One day, Valve accidentally pushed an update for the macOS version of CS:GO that included the full, unstripped Mach-O debug symbols in the .dylib binaries. This exposed much more of the game's internals at the time. This led to a rush of server operators using the new information to create new and exciting scripts. Unfortunately, cheat developers also used it to further develop their cheats. A classic double-edged sword.

This is a prime example of Valve valuing the additional layer of security provided by obscurity. Valve has to ship the game in binary form, because the game runs on our machines when we play it. Valve chooses to strip debug symbols from its binaries because doing so is highly effective at reducing the efficiency of cheat developers. Shortly after this release, Valve realised its mistake and re-released the same version with the debug symbols stripped.

Obfuscated code

I do my fair share of malware analysis and CTFs every now and again for fun. It is extremely common to run into obfuscated code, which is source code that has been intentionally complicated to make it harder for humans and tools to understand while remaining fully functional. The malware industry is a billion-dollar industry, and nobody relies on obscurity more than malicious actors. The more obfuscated the malicious payload, the less likely security researchers and tools are to understand what is going on.
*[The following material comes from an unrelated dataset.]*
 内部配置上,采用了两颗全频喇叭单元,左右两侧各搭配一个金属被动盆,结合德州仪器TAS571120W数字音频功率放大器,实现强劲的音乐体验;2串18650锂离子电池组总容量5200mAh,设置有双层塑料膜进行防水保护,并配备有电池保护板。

On the flip side, enterprises like Google also use JavaScript obfuscation to hide sensitive logic in the browser. A great example is Google reCAPTCHA, where the obfuscation is often heavy and sophisticated in order to make it harder for bots to understand the checks being performed and automate solving them. Netflix also uses obfuscation in its browser-side DRM components to help protect the logic that lets your browser play the video without exposing everything needed to easily extract and save a playable copy. Riot Games also uses obfuscation around parts of the communication between its kernel-level anti-cheat system, Riot Vanguard, and its servers to make it harder for cheaters to fake a clean signal while cheats are running.

Now, there was a suggestion that advances in AI have made obfuscation obsolete. I disagree. While AI tools are good at deobfuscating code, it is still often a slow and expensive process. I do believe a strong model will eventually reach a solution, but it will take time and money. Again, the longer and more expensive it is, the more likely people are to give up and move on.
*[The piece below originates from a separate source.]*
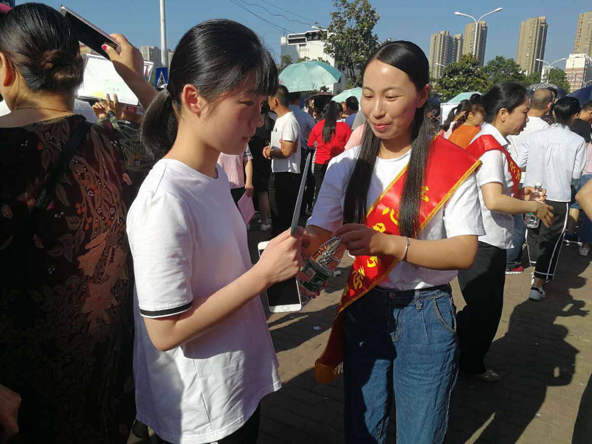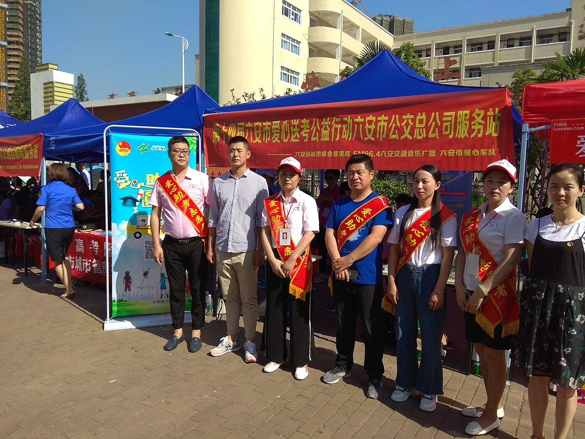 为大力弘扬“奉献、友爱、互助、进步”的志愿服务精神,积极营造“绿色、畅通、文明、和谐”的高考人文交通环境,高考期间,六安公交继续开展2018年度“爱心送考”公益活动。志愿者服务台准备有矿泉水、防暑药品和学习用品,一切为考生着想、一切为学子服务。志愿者们冒着炎热、坚守岗位、奉献爱心,热情为广大考生递送矿泉水、小扇子,并祝愿他们发挥出色、考出好成绩。一句温暖的话语、一束激励的目光、一丝灿烂的微笑,充满了浓浓的友爱和深深的情谊。

I do not have concrete data to share on this topic, but I do have some anecdotal evidence. I attempted a hard PWN-style CTF challenge last year that I was not able to solve on my own. Using an LLM, Claude Opus 4.5, and giving it all the information, binaries, and local tools needed to solve the challenge, it still failed at first.

It was not until 4.5 hours of non-stop token burning and many trial-and-error iterations later that the LLM was able to find a solution. This endeavour used 61 million input tokens and 11 million output tokens, or roughly $300 USD. While I was willing to spend that much to gauge the model's ability to solve the challenge, it is important to keep in mind that we already knew a solution existed because this was a CTF challenge with an intended solution. Would malicious actors be willing to spend that much per attempt across a large enterprise attack surface, where results are far from guaranteed? How long are they willing to iterate on one specific angle? That uncertainty is exactly where obscurity still has value.

Spread the word

It should be clear by now that security through obscurity still has its place as an additional security layer in the modern world, even with AI-assisted tooling.

So I no longer want to hear the phrase "security through obscurity is bad".

From now on, let's spread these two statements instead:

Security ONLY through obscurity is bad

Security through obscurity, as an additional layer, is good!